Le réalisateur y documente les regards sur l’évolution de la cité des Fleurs, située dans le quartier des Mourinoux à Asnières-sur-Seine. Construite dans les années 1960, elle a vu passer trois générations de sa famille et abritait l’emblématique barre des Gentianes, détruite en 2011. Un choc pour ses occupants, dont certains sont nés ici. Son effondrement a marqué celui d’une époque ainsi que le début d’une nouvelle ère urbanistique pour le quartier, la croissance exponentielle du coût de la vie ayant fait déménager plus loin certains habitants.

Une enclave repliée sur elle-même

Illustrant un temps fièrement des cartes postales, ces barres sont devenues le symbole de la décadence des banlieues, livrées à elles-mêmes, comme le souligne Aleteïa, artiste et commissaire : « Vivre en banlieue, ça veut aussi dire y être enclavé. Récemment, il fallait débourser 7,90 euros pour faire le trajet Corbeil-Essonnes – Paris, un tarif qui poussait les banlieusards les plus démunis à se parquer chez eux, pensant qu’on ne voulait pas d’eux à Paris ».
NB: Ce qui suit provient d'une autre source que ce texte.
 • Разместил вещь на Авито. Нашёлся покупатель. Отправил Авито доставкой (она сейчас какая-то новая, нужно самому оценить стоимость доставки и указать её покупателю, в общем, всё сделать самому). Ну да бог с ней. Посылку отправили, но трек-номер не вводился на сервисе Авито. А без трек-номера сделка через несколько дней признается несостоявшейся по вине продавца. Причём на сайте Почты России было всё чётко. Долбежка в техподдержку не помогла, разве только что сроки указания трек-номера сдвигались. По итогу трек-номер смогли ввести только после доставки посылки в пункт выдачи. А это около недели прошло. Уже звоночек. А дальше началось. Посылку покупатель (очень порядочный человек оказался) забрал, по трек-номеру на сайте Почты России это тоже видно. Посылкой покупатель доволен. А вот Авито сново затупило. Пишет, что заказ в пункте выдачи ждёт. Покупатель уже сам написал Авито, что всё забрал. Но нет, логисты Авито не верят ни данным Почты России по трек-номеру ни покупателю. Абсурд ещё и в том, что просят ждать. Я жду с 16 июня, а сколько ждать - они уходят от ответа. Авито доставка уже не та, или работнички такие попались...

Laurent Kronental, Les Tours Aillaud, quartier Pablo Picasso, Nanterre, série « Les Yeux des Tours », 2015
Laurent Kronental, Les Tours Aillaud, quartier Pablo Picasso, Nanterre, série « Les Yeux des Tours », 2015 Laurent Kronental

S’offrait alors à eux l’unique perspective de ces barres dont s’est emparé Mathieu Pernot. Il leur a consacré une large série Le Grand Ensemble, Les implosions, dévoilée dans une salle dédiée et dialoguant avec de vastes maquettes des Tours Aillaud, sublimées aussi par Laurent Kronental dans sa série Souvenir d’un futur, et capturées en 1984 par Robert Doisneau, un enfant de la banlieue.
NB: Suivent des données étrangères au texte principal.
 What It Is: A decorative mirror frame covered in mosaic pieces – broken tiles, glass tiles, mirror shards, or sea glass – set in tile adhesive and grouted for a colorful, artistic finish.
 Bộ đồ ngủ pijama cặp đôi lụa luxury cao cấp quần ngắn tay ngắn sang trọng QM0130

Le photographe, comme Louis Chifflot, Robert Delhay, Monique Hervo ou Jean Pottier, a contribué à changer notre regard sur le monde populaire et la classe ouvrière, en captant la vie dans ces bidonvilles devenus villes rouges, puis lieux de luttes artistiques et politiques.

Agitation et ennui

Dans un décor de bureau de presse, l’accrochage montre comment la crise du logement et le racisme, qui n’ont cessé de croître depuis la Seconde Guerre mondiale, ont abouti aux événements de 1983. En quelques mois, plusieurs événements tragiques se succèdent : l’assassinat du touriste algérien Habib Grimzi par défenestration d’un train et les tirs sur Toumi Djaïdja, jeune président de l’association SOS Avenir Minguettes.
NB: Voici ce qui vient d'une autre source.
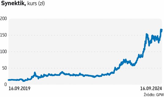 Dobra tegoroczna passa notowań Synektika zdaje się nie mieć końca. Z początkiem września zwyżki znów przyspieszyły, wynosząc kurs na nowe szczyty. Tylko od początku stycznia cena akcji spółki podwoiła się, a stopa zwrotu za okres ostatnich pięciu lat to już blisko 1200 proc.
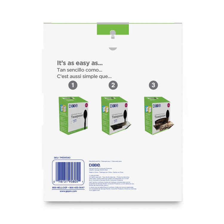 The Dixie® Medium-Weight Polystyrene Disposable Plastic Cutlery Grab-n-Go® lets you get rid of those messy, germ-collecting and wasteful open cutlery containers and replace them with individually wrapped forks in organized self-dispensing boxes. Dixie® Grab-n-Go® cutlery makes being well stocked super easy. The portable, disposable, easy-store boxes convert directly into quick-grab displays. Just open the box and put it on the counter (really). Grab-n-Go® cutlery puts a stay-well spin on break time. Each piece of the Dixie® plastic cutlery is protected by its own plastic covering, so the only person who touches it is the person who uses it. That's called good hygiene. These medium-weight individually wrapped plastic cutlery are great for most foods; perfect for office breakrooms, restaurants and more.
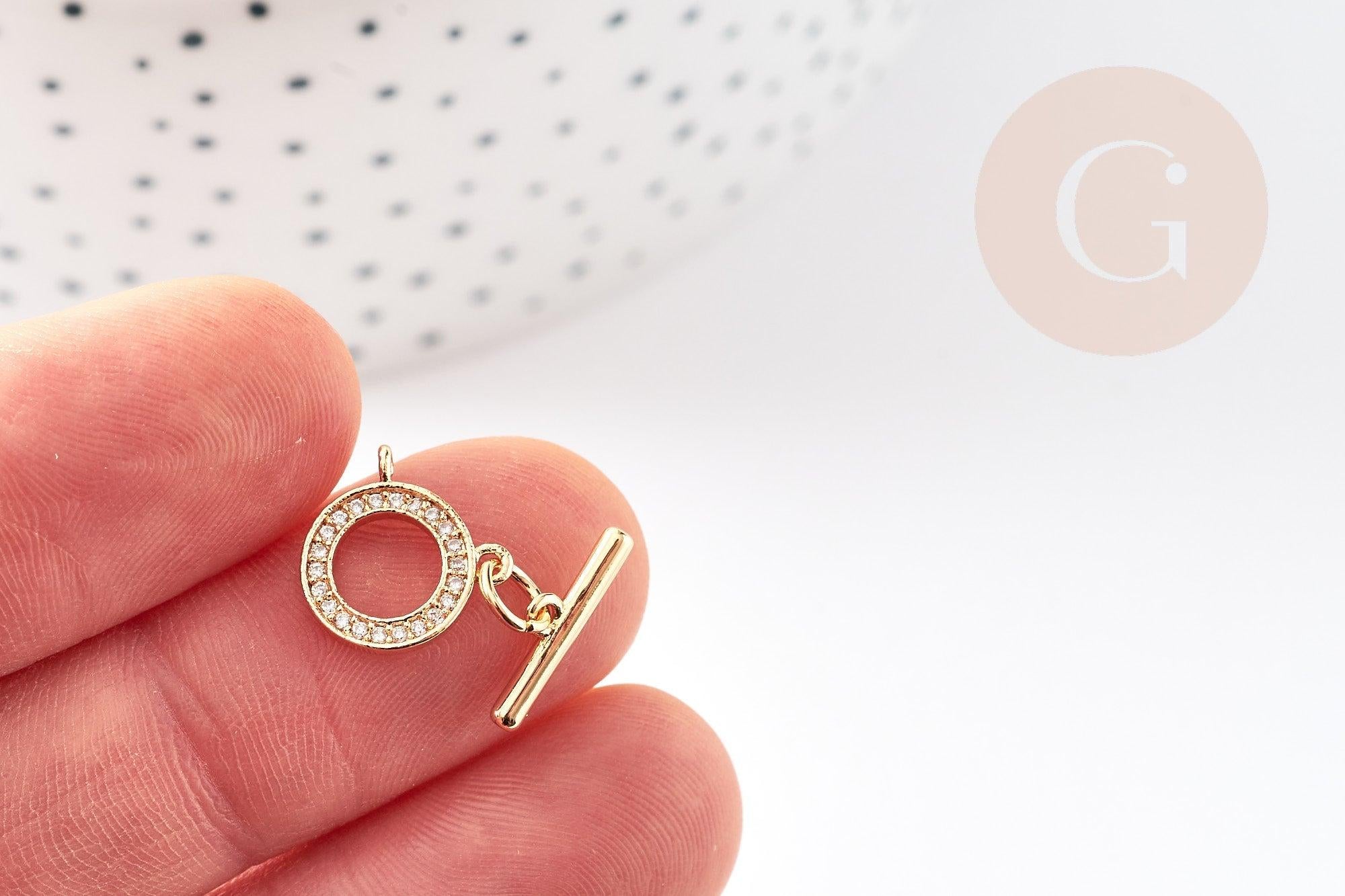 Un cierre en T de latón bañado en oro de 18 quilates y decorado con circonitas blancas para tus collares, pulseras y collares: sólido y de calidad, resaltará todas tus joyas DIY.
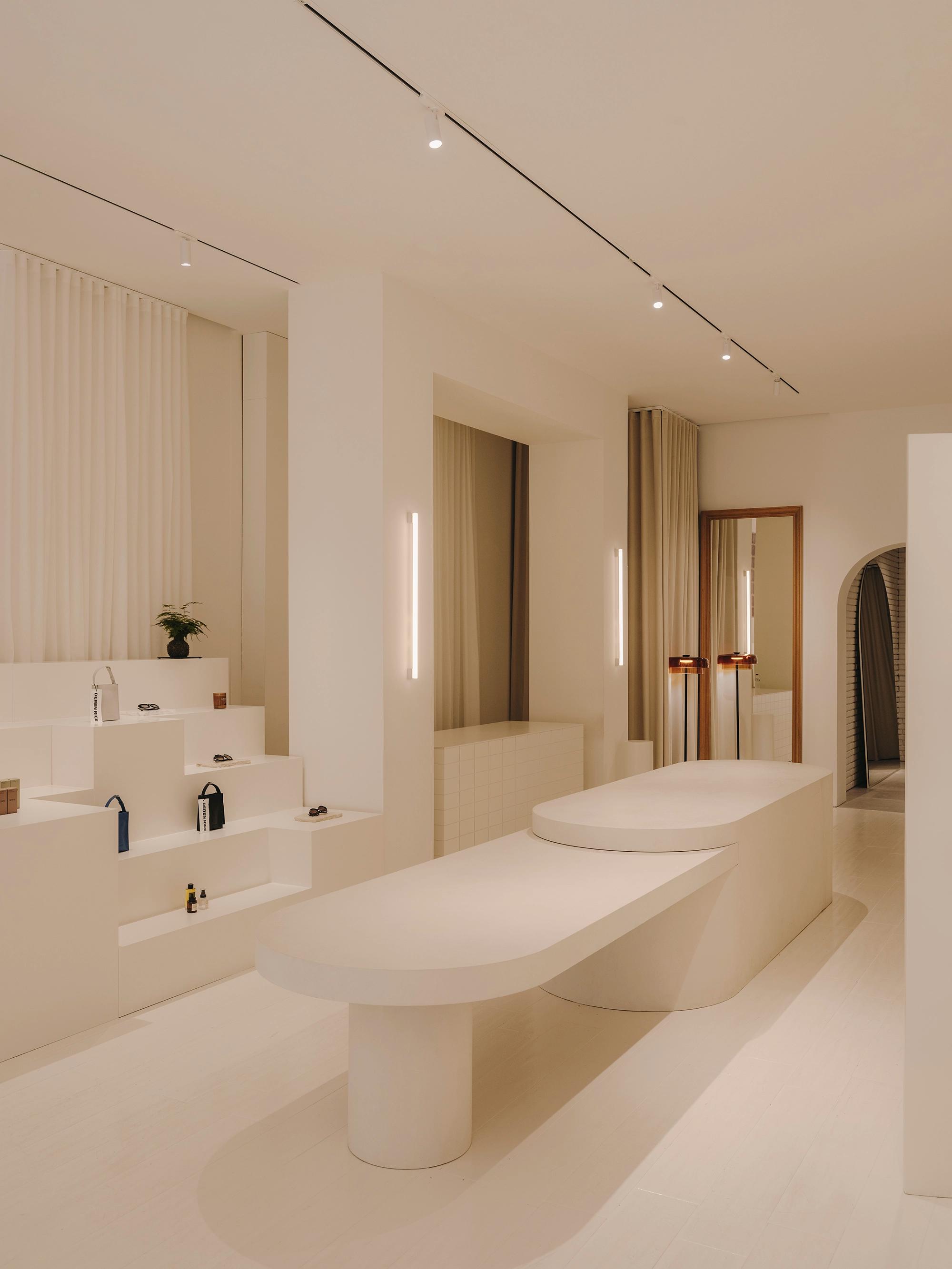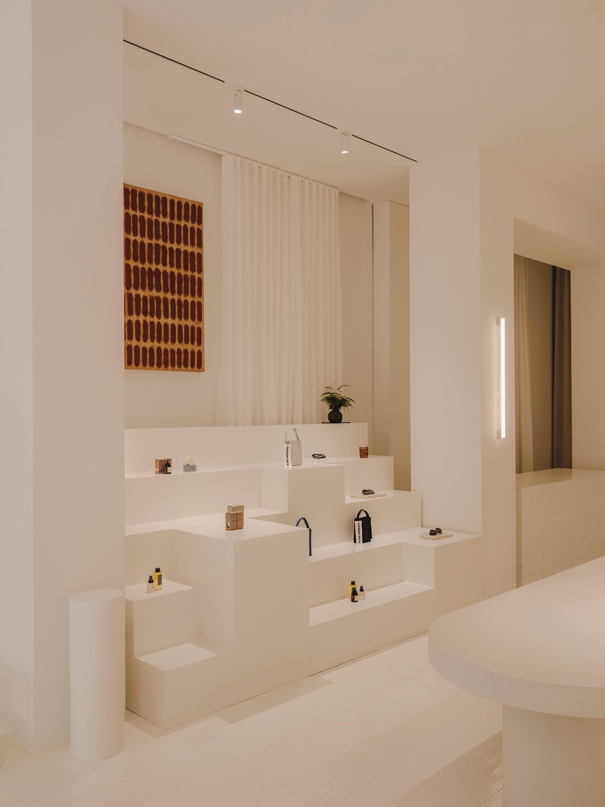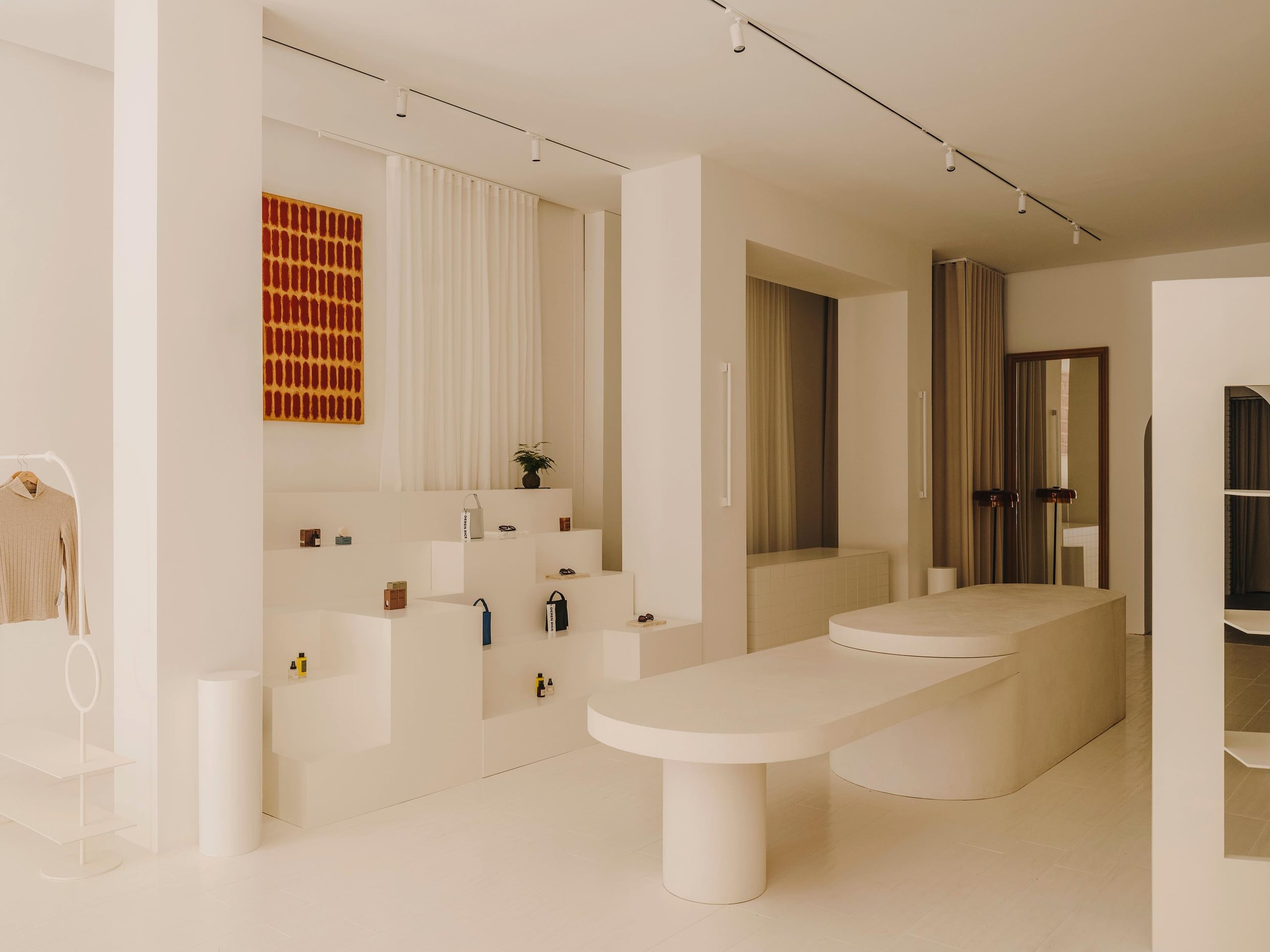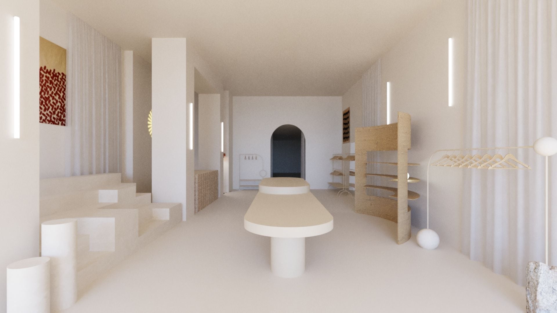 The actual collection"For the love of art", wants to show that as a brand they invest time and effort in things they love without expecting anything in return. And the concept of the space aims to portray this message through its design. A space that conveys this mission by treating each piece as a work of art, a sculpture made by local artisans. A collaboration between the design, manufacture and use of each item. Reaffirming the message through collaborations with other brands and artists who have this same passion as Rowse Beauty, GIGIStudios, Olend, Deren Rice, Omote Sando, Alejo Palacios with his paintings that can be found in Alzueta Gallery.

Les U13 féminines du Red Star FC sur le chantier du Stade Bauer à Saint-Ouen, en janvier 2022.
Les U13 féminines du Red Star FC sur le chantier du Stade Bauer à Saint-Ouen, en janvier 2022. © Elea-Jeanne Schmitter et Le Massi

Dans ce contexte brûlant, la Marche pour l’égalité et contre le racisme se met en place à Marseille et à Paris. Jusqu’alors murée dans le silence, la banlieue se fait entendre et pour toujours, en chansons, en films, en peintures, et en installations, preuves à l’appui.

Mais au milieu de cette effervescence : l’ennui ! Banlieue reste bien souvent synonyme de dortoir. Il est palpable dans certaines œuvres artistiques, mais aussi dans des pièces de design comme le fauteuil Curry Mango signé Hall Haus. Le collectif de designers originaires de banlieues parisiennes et de Limoges a fusionné ici la chaise pliable de camping symbole du mobilier nomade, et le fauteuil Wassily de Marcel Breuer (1925), manifeste du design moderniste, créant un objet-pont entre deux cultures, mais aussi imageant l’ennui.

Car que faire d’autre en banlieue que de s’asseoir sur une chaise et de regarder le temps qui passe ? Semblent-ils ainsi nous dire au cœur de cette scénographie riche de diversité. Rassemblant plus de 200 documents d’archives, peintures, installations, vidéos, photographies, témoignages… l’exposition « Banlieues Chéries » explore ces territoires décriés comme des lieux de mémoire et de transmission qui continuent depuis le XIXe siècle de façonner l’histoire de France.

> Exposition « Banlieues Chéries », jusqu’au 17 août 2025 au Musée de l’histoire de l’immigration, Palais de la Porte Dorée, 293 avenue Daumesnil, Paris 12e.